Entries taken from a collection:
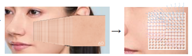1秒間の動画を60枚に分解→1枚ごとに表情の動きの速さや方向性などの特徴量を抽出
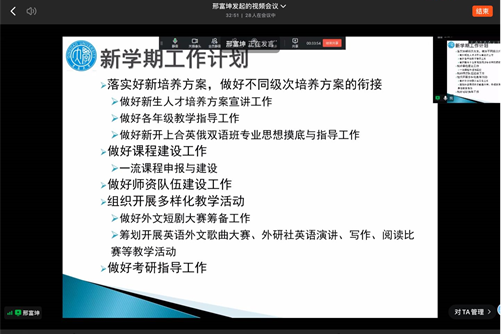 英语系召开2021年秋季学期开学工作会议,总结全系上学期工作,布置新学期教学任务,会议由邢富坤主任主持,全系教师参加。
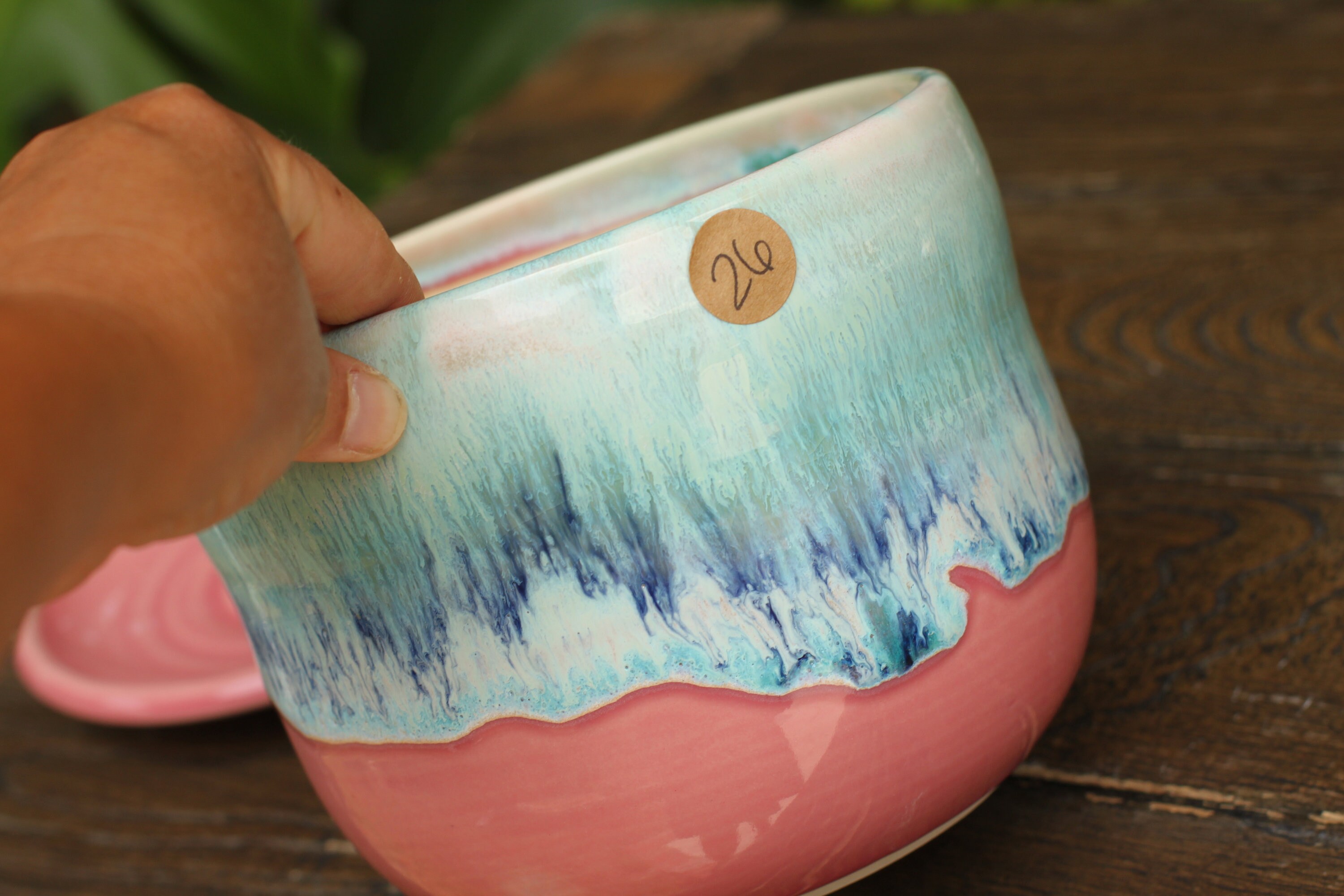 The listing is for one planter. This bright planter is wheel thrown from stoneware and guaranteed to liven up any space. Perfect for indoor or outdoor plants. Layers of glaze are used to create the colorful exterior and I've added a hole for drainage. The Interior is not glazed, the saucer IS included.
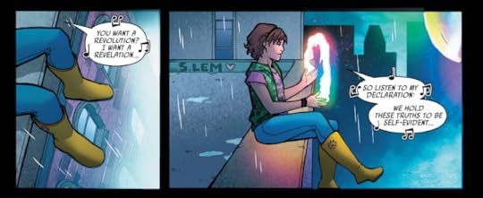 I really like this idea of addressing young girls wanting super powers when they are young but the lack of female heroes for them to look up to and then addressing a situation where a young girl is given powers she doesn't know how to use. This may be the first Marvel comic to ever use the word tampon and it did it twice! (Plus the Hamilton references get it bonus points.)
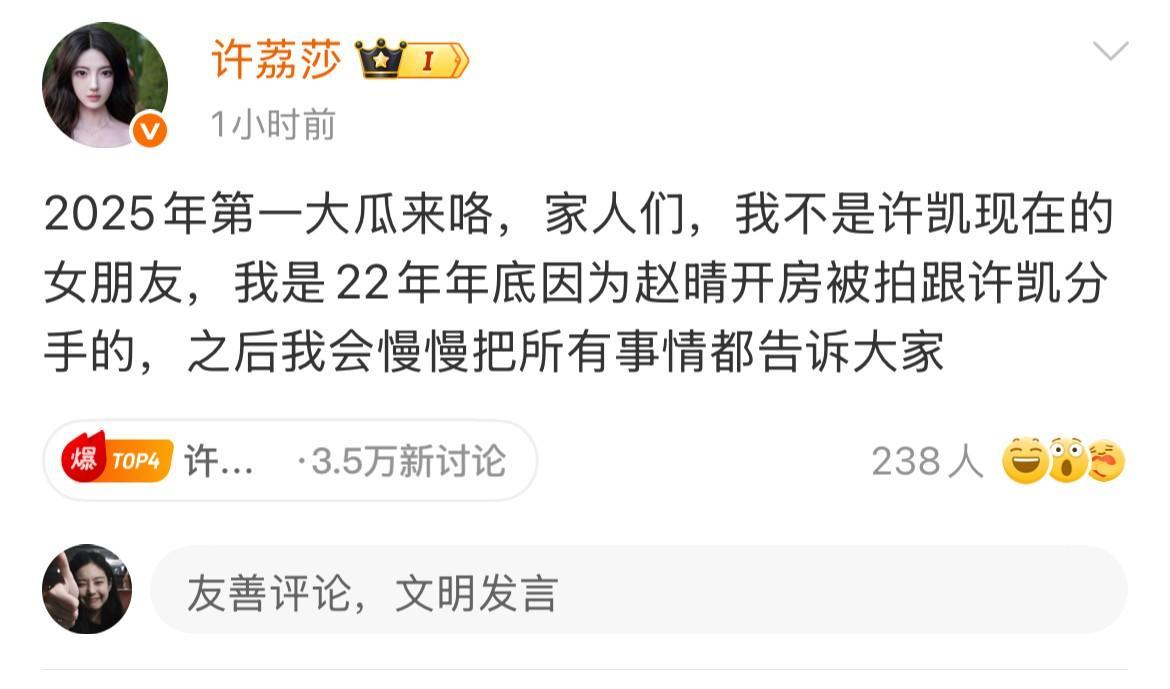 #许凯赵晴恋情# #许荔莎# #许荔莎自曝因许凯出轨赵晴分手# 哇,超大瓜空降! 剧情比暑期档还抓马。 完全没猜到这种走向。 先不急着站队。 蹲个后续, 再看两眼。[吃瓜群众][吃瓜群众][吃瓜群众][吃瓜群众][吃瓜群众][吃瓜群众]
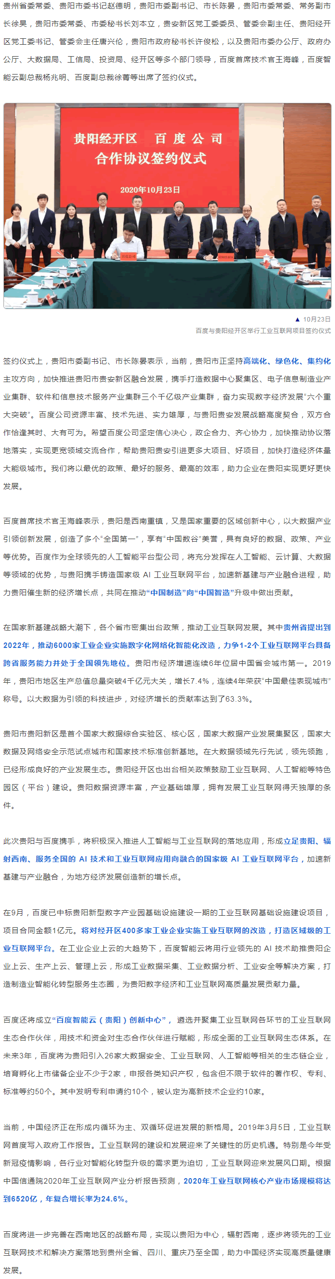 10月23日,百度與貴州省貴陽市政府正式簽署戰(zhàn)略合作協(xié)議,與貴陽經(jīng)開區(qū)舉行工業(yè)互聯(lián)網(wǎng)項目簽約儀式。百度將承接貴陽經(jīng)開區(qū)工業(yè)互聯(lián)網(wǎng)項目建設(shè),打造 AI 技術(shù)和工業(yè)互聯(lián)網(wǎng)應(yīng)用相融合的 AI 工業(yè)互聯(lián)網(wǎng)平臺,形成多面的工業(yè)互聯(lián)網(wǎng)生態(tài)體系,助力貴陽打造3個千億級產(chǎn)業(yè)集群,形成新的經(jīng)濟(jì)增長點。
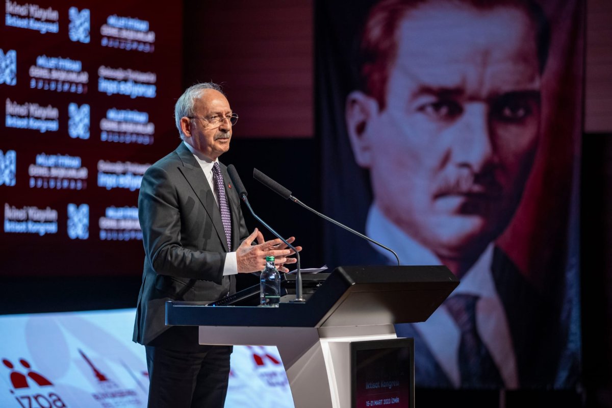 Kemal Kılıçdaroğlu, “İşimizin çok kolay olduğunu kimse düşünmesin ama birinci yüzyılın kongresinde de o dönemin liderleri işlerinin çok kolay olmadığını biliyorlardı. Güzel bir Türkiye, barış içinde bir Türkiye, kalkınan ve büyüyen, bölgesinde ve dünyada saygınlığı olan bir Türkiye. Hepimizin idealinde olan bir Türkiye. Zor zamanlardan geçtiğimizin farkındayım. Atatürk’ü hep iki temel ilkeyle anarım. Biri siyasi bağımsızlık. ‘Özgürlük ve bağımsızlık benim karakterimdir’ der. ‘Bayrağımın altında özgürce yaşamak isterim’ der. İkinci ilkesi ise ekonomik bağımsızlıktır. İzmir’de 100 yıl önce yapılan kongrede Gazi Mustafa Kemal Atatürk şöyle söyler: ‘Siyasi ve askeri zaferler ne kadar büyük olursa olsun iktisat zaferleriyle taçlandırılmazlarsa elde edilen zaferler sürüp gidemez, söner.’ Yani siyasi bağımsızlığın kalıcılığını sağlayan temel unsur ekonomik bağımsızlıktır. Bugüne kadar büyük sıkıntılar çektiğimizi biliyoruz. Ama öyle bir sistem kuralım ki kim iktidara gelirse gelsin bu tür krizlerle Türkiye karşı karşıya kalmasın” dedi.
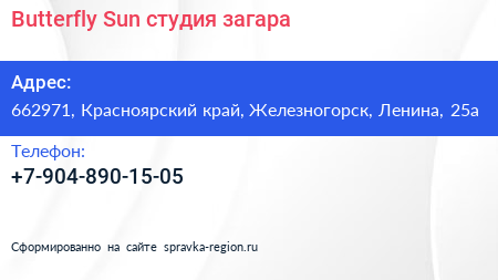 Butterfly Sun, студия загара по адресу 662971, Красноярский край, Железногорск, Ленина, 25а в дальнейшем Организация, размещена в следующих категориях:
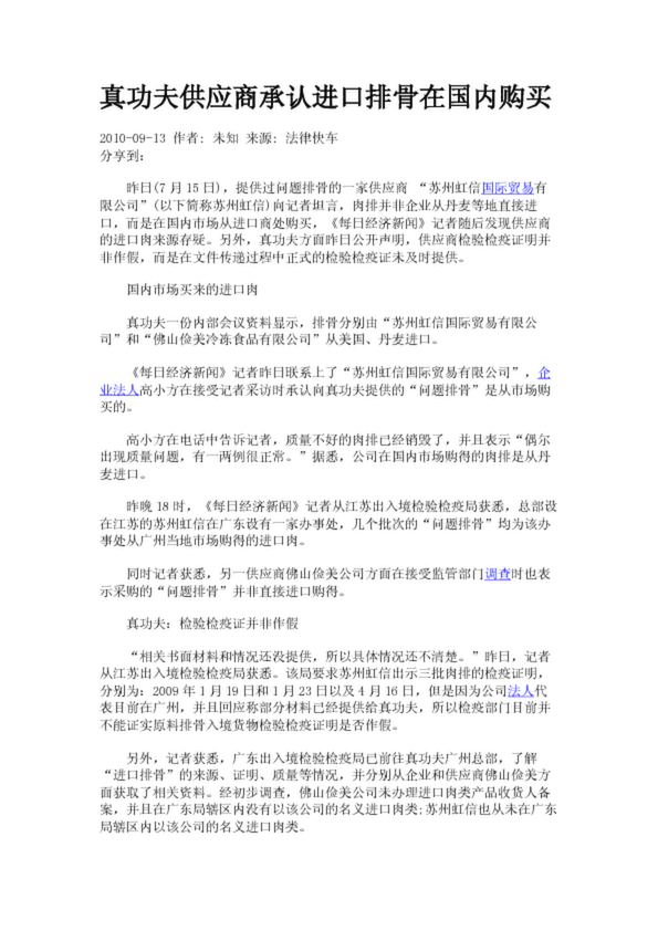 真功夫供應商承認進口排骨在國內購買
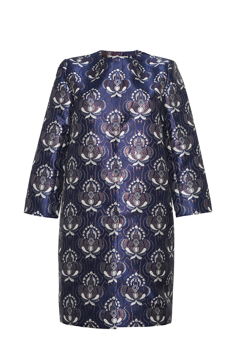 • Vintage jacquard short coat with fabric covered snaps at inner opening at center front

Brief: Copy all entries exactly; skip pictures.

Answer to the problem:
1秒間の動画を60枚に分解→1枚ごとに表情の動きの速さや方向性などの特徴量を抽出
 英语系召开2021年秋季学期开学工作会议,总结全系上学期工作,布置新学期教学任务,会议由邢富坤主任主持,全系教师参加。
 The listing is for one planter. This bright planter is wheel thrown from stoneware and guaranteed to liven up any space. Perfect for indoor or outdoor plants. Layers of glaze are used to create the colorful exterior and I've added a hole for drainage. The Interior is not glazed, the saucer IS included.
 I really like this idea of addressing young girls wanting super powers when they are young but the lack of female heroes for them to look up to and then addressing a situation where a young girl is given powers she doesn't know how to use. This may be the first Marvel comic to ever use the word tampon and it did it twice! (Plus the Hamilton references get it bonus points.)
 #许凯赵晴恋情# #许荔莎# #许荔莎自曝因许凯出轨赵晴分手# 哇,超大瓜空降! 剧情比暑期档还抓马。 完全没猜到这种走向。 先不急着站队。 蹲个后续, 再看两眼。[吃瓜群众][吃瓜群众][吃瓜群众][吃瓜群众][吃瓜群众][吃瓜群众]
 10月23日,百度與貴州省貴陽市政府正式簽署戰(zhàn)略合作協(xié)議,與貴陽經(jīng)開區(qū)舉行工業(yè)互聯(lián)網(wǎng)項目簽約儀式。百度將承接貴陽經(jīng)開區(qū)工業(yè)互聯(lián)網(wǎng)項目建設(shè),打造 AI 技術(shù)和工業(yè)互聯(lián)網(wǎng)應(yīng)用相融合的 AI 工業(yè)互聯(lián)網(wǎng)平臺,形成多面的工業(yè)互聯(lián)網(wǎng)生態(tài)體系,助力貴陽打造3個千億級產(chǎn)業(yè)集群,形成新的經(jīng)濟(jì)增長點。
 Kemal Kılıçdaroğlu, “İşimizin çok kolay olduğunu kimse düşünmesin ama birinci yüzyılın kongresinde de o dönemin liderleri işlerinin çok kolay olmadığını biliyorlardı. Güzel bir Türkiye, barış içinde bir Türkiye, kalkınan ve büyüyen, bölgesinde ve dünyada saygınlığı olan bir Türkiye. Hepimizin idealinde olan bir Türkiye. Zor zamanlardan geçtiğimizin farkındayım. Atatürk’ü hep iki temel ilkeyle anarım. Biri siyasi bağımsızlık. ‘Özgürlük ve bağımsızlık benim karakterimdir’ der. ‘Bayrağımın altında özgürce yaşamak isterim’ der. İkinci ilkesi ise ekonomik bağımsızlıktır. İzmir’de 100 yıl önce yapılan kongrede Gazi Mustafa Kemal Atatürk şöyle söyler: ‘Siyasi ve askeri zaferler ne kadar büyük olursa olsun iktisat zaferleriyle taçlandırılmazlarsa elde edilen zaferler sürüp gidemez, söner.’ Yani siyasi bağımsızlığın kalıcılığını sağlayan temel unsur ekonomik bağımsızlıktır. Bugüne kadar büyük sıkıntılar çektiğimizi biliyoruz. Ama öyle bir sistem kuralım ki kim iktidara gelirse gelsin bu tür krizlerle Türkiye karşı karşıya kalmasın” dedi.
 Butterfly Sun, студия загара по адресу 662971, Красноярский край, Железногорск, Ленина, 25а в дальнейшем Организация, размещена в следующих категориях:
 真功夫供應商承認進口排骨在國內購買
 • Vintage jacquard short coat with fabric covered snaps at inner opening at center front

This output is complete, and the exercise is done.